While Jonestown as cultural “artifact” is perversely sexy—the object of near
necrophilic projection and fantasy—Peoples Temple is a historical stepchild; its
legacy an unwelcome reflection of the race, gender and class divide in “New Jim
Crow” America. The inequitable conditions that compelled black women to commit
their lives to the church and its mission are still relevant today.
Founded
by Jones in Indianapolis in the 1950s, Peoples Temple was initially a
Pentecostal congregation. Early on, Jones
actively recruited African American parishioners, arousing the ire of the white
Indianapolis religious establishment. African Americans played a key role in
the church’s growth as a social welfare provider for the poor, elderly and
indigent. Jones’ social gospel message dovetailed with that of the civil rights
movement, attracting elderly black women members like sisters Zipporah and
Hyacinth Thrash (the only survivor left at Jonestown the morning after the
massacre). Through their wages, Social Security benefits and property, black
women provided the economic base of Peoples Temple, as well as Jonestown.
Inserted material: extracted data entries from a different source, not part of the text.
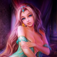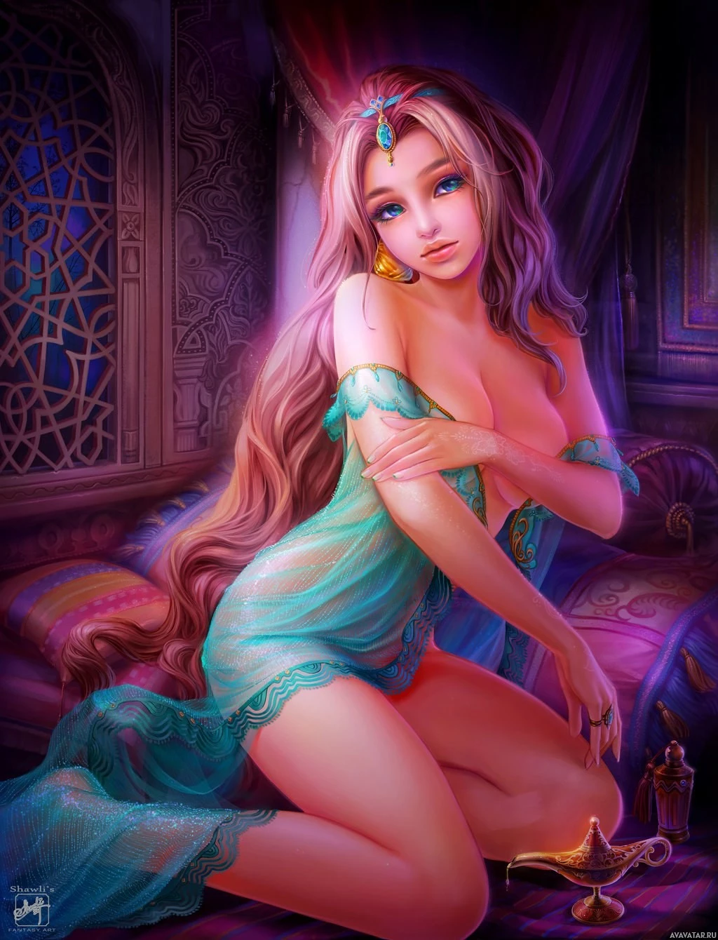 a sensual pose, lying down on what seems to be a luxurious setting with a richly decorated room around her. Her attire and the overall ambiance suggest a fantasy or romantic theme. The artwork showcases a high
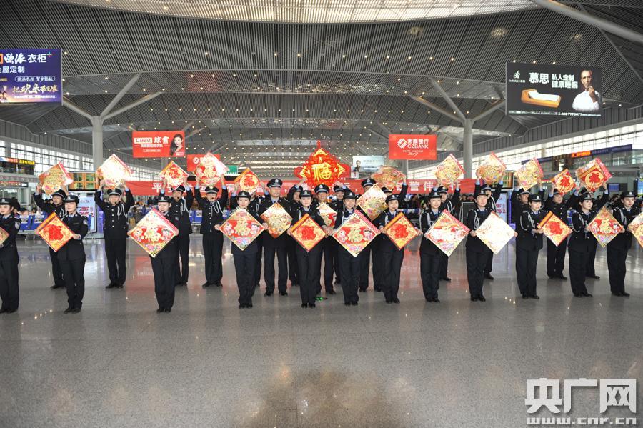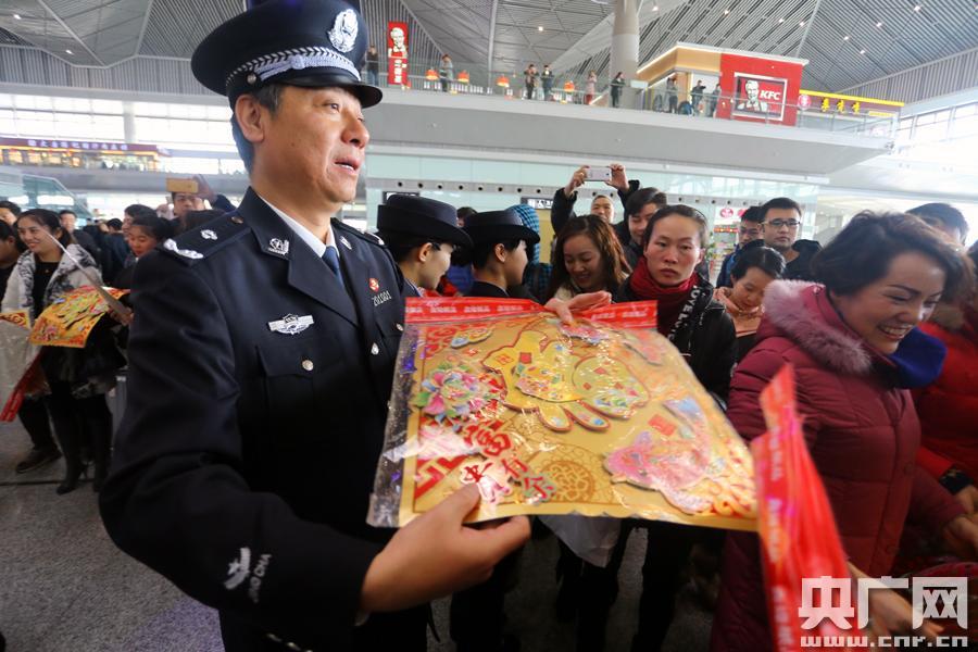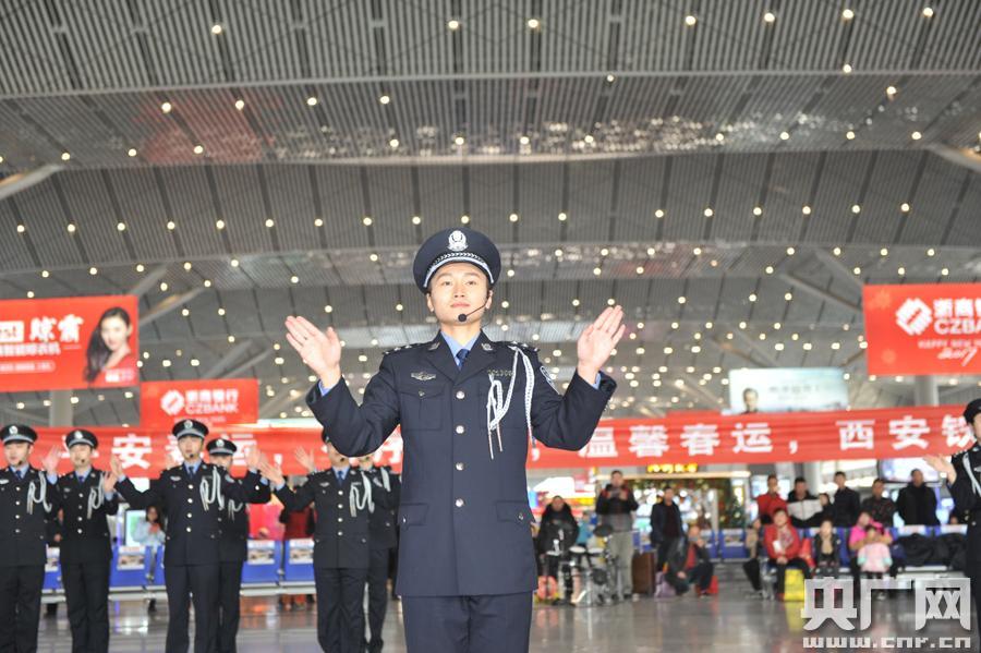 西安鐵路公安處處長(zhǎng)于廣燕為群眾送“!保▍腔顫姅z) 央廣網(wǎng)西安1月12日消息(記者雷愷 通訊員吳活潑 胡珂)春運(yùn)大幕即將將拉開,今天(12日),西安鐵路公安處在西安北站全面啟動(dòng)春運(yùn)安保工作。 在西安北站二樓候車廳,一場(chǎng)精彩激昂的架子鼓秀吸引了旅客的駐足。一群身著警服的民警走進(jìn)旅客中間,以一曲《回家的路》拉開了西安鐵警春運(yùn)愛民服務(wù)活動(dòng)的序幕。隨后,特警、交警、乘警、治安、安檢等警種民警依次上臺(tái),通過情景模擬演練、面對(duì)面宣講、有獎(jiǎng)問答等形式,向過往旅客宣傳春運(yùn)出行安全常識(shí)。 西安鐵路公安處處長(zhǎng)于廣燕介紹,今年春運(yùn),西安鐵警緊盯高鐵旅客出行安全這一重點(diǎn),全處1800名民警和2600多名輔警全員在崗,全面提升轄區(qū)治安管控工作等級(jí),重拳打擊以倒賣車票、盜竊財(cái)物、欺詐旅客等各類慣性違法犯罪活動(dòng)為主要內(nèi)容的“獵鷹”“天網(wǎng)”“利劍”三大戰(zhàn)役,努力為廣大旅客平安出行創(chuàng)建良好的“站、車、線”治安環(huán)境。 同時(shí),警方將圍繞“平安春運(yùn)、有序春運(yùn)、溫馨春運(yùn)”這一主題,部署全處各單位、各崗位立足本職,開展主動(dòng)為旅客服務(wù)活動(dòng),方便特殊群體及孕婦、老年人和殘疾旅客出行,讓旅客平安返家。 -
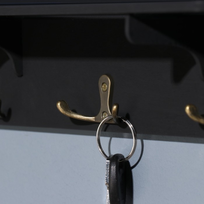 Ключница с полкой "Твой дом ..." черный цвет, 28х23х7,5 см
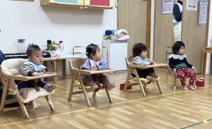 いつも遊びに行くこあら組のお部屋で椅子に座ったひよこ組さん。
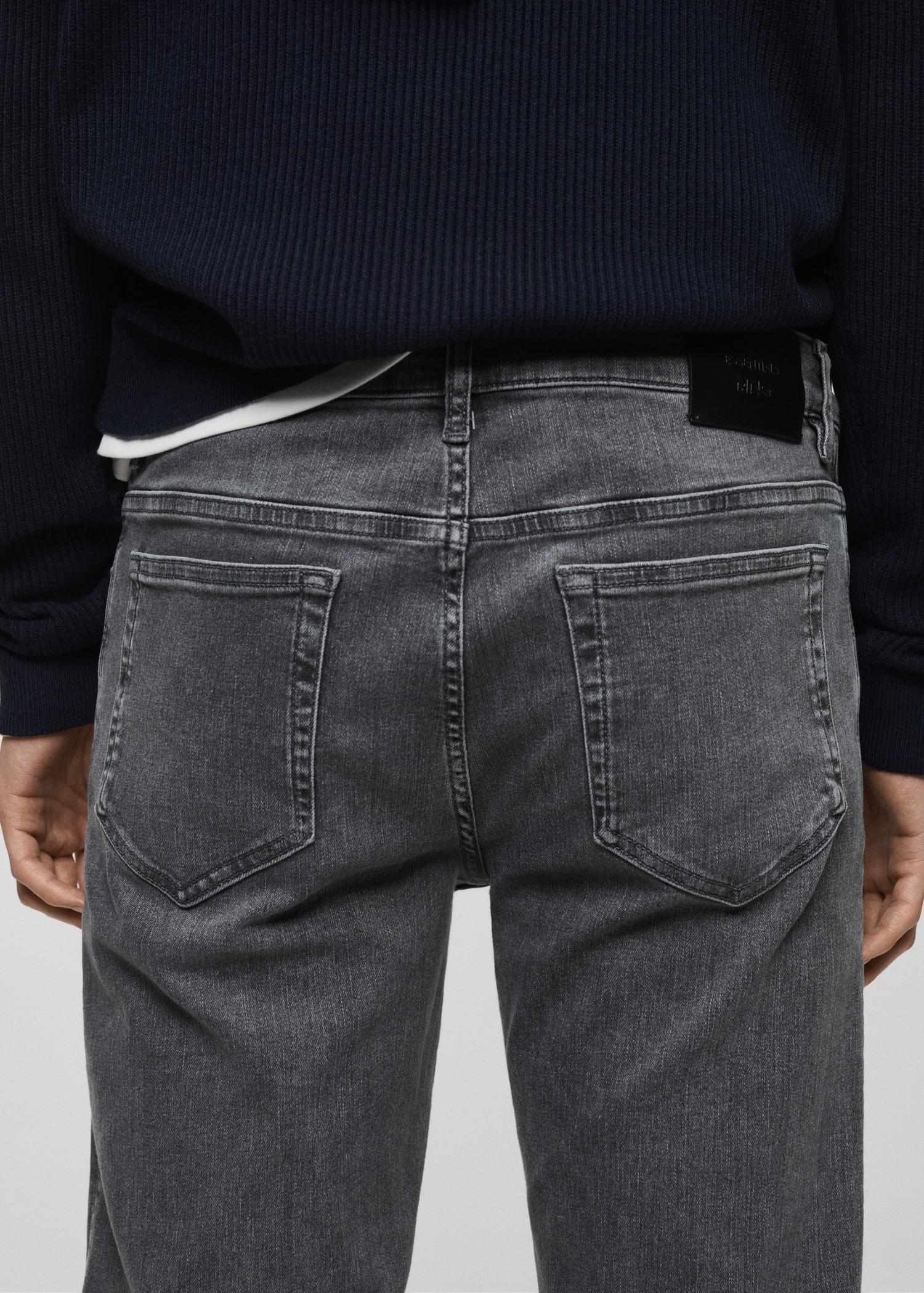 Slim fit. Grey. Recycled cotton-blend fabric. Soft fabric. Medium waist. Belt loops. Zip and one button fastening. Two side pockets. Coin pocket. Two patch pockets on the back. The model is 6'1" and is wearing a size 42. Inside leg measurement 31.97 in. Side length 42.52 in

When Jones prophesied nuclear holocaust in
the sixties he relocated the congregation to California, establishing a churches
in Ukiah, Los Angeles and San Francisco. Settling in San Francisco’s
predominantly African American Fillmore District, the church took on
gentrifying developers and challenged the city’s attempts to push out poor
people of color through eminent domain. Ditching
old school Pentecostalism for a secular “apostolic” socialism, Jones actively
courted the Bay Area liberal political establishment, and Temple members’ votes
reputedly helped
George Moscone’s 1975 mayoral victory.
Yet,
although there have been numerous portrayals of PT’s shrewd politicking, the racial
politics of gender in the movement have gotten relatively short shrift. In my book White Nights, Black Paradise, Peoples Temple is not only symbolic
of progressive black social gospel traditions but of a racially divided secular
women’s movement. It is no secret that
white women called the shots in Peoples Temple and that their leadership was
resented by some of the black rank and file.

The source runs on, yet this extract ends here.